11. Payment received from debtor
a. Decreases the total assets
b. Increases the total assets
c. Results in no change in the total assets
d. Increases the total liabilities
e. Decreases the total liabilities.
12. Cash purchases
a. Increases assets
b. Results in no change in the total assets
c. Decreases assets
d. Increases liability
e. Decrease liability.
13. Journal is a
a. Book of original entry
b. Classified summary of all transactions
c. Permanent record
d. Both (a) and (b) above
e. None of the above.
14. Goods returned from X is entered as
a. Debit X a/c; Credit purchase returns a/c
b. Debit X a/c; Credit cash a/c
c. Debit sales return a/c; Credit X a/c
d. Debit X a/c; Credit sales a/c
e. Debit sales a/c; Credit X’s a/c.
15. When fixed assets are sold
a. The total assets will increase
b. The total liabilities will increase
c. The total assets will decrease
d. There is no change in the total assets
e. The liabilities will decrease.
16. Purchase of goods for cash from Rasheed is to be recorded by:
a. Debiting purchases account and crediting Rasheed Account
b. Debiting cash account and crediting Rasheed account
c. Debiting purchases account and crediting cash account
d. Debiting Rasheed account and crediting cash account
e. Debiting cash account and crediting purchases account.
17. Purchase of goods on credit
a.

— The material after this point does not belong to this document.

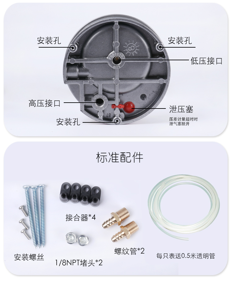 標準附件:一根1m長的軟管,兩個 1/8? NPT 堵頭,兩個 1/8?連接軟管的接頭,和三個嵌入式安裝用的配件以及螺釘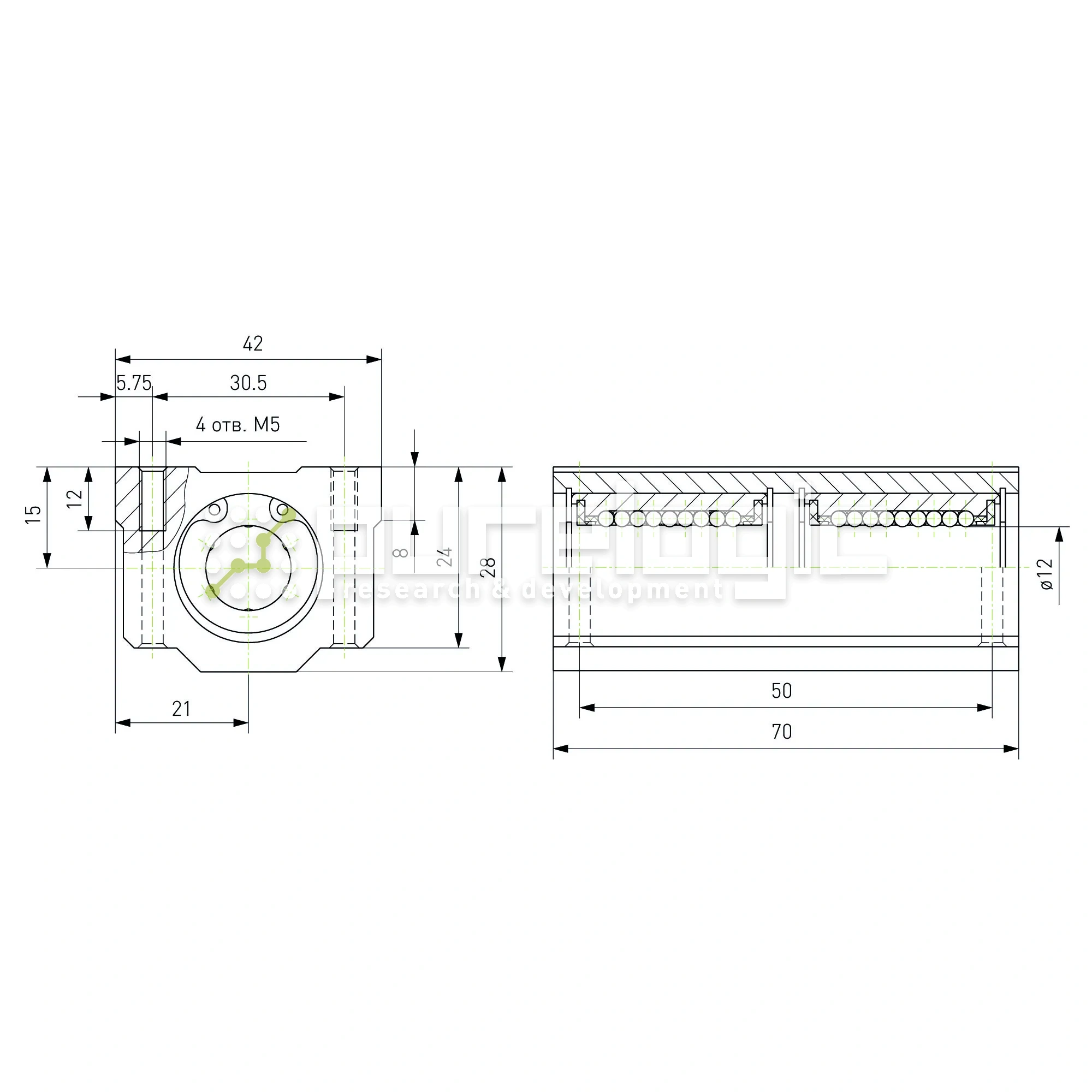 Удлиненный опорный модуль (линейный подшипник качения) на вал Ø12мм. Предназначен для работы с полированными и закаленными направляющими валами. Внутри корпуса установлены две шариковые втулки. Корпус выполнен из алюминиевого сплава и оснащен монтажными отверстиями для крепления к плоскому основанию. Характеризуется динамической грузоподъемностью 83кгс и статической грузоподъемностью 160кгс.

Increases liabilities
b. Increases assets
c. Increases both assets and liabilities
d. Decreases assets
e. Decreases liabilities.
18. Which of the following is not an asset?
a. Stock of stationery
b. Goodwill
c. Profit and loss account (credit balance)
d. Accounts Receivable
e. Cash at bank.
19. The entry to record the collection of cash from sundry debtors would involve a
i. Debit to sundry debtors
ii. Debit to cash account
iii. Credit to sundry debtors
iv. Credit to cash account.
a. Only (i) above
b. Only (ii) above
c. Only (iii) above
d. Both (ii) and (iii) above
e. Both (i) and (iv) above.
20. Double entry bookkeeping involves
a. Two accounts being affected for each transaction which are equal and opposite to
one another
b. Two sets of books being kept for the business
c. Business bookkeeping being kept by more than one person
d. Every entry in the business books being checked twice
e. Every transaction is recorded once in the journal and again in the ledger.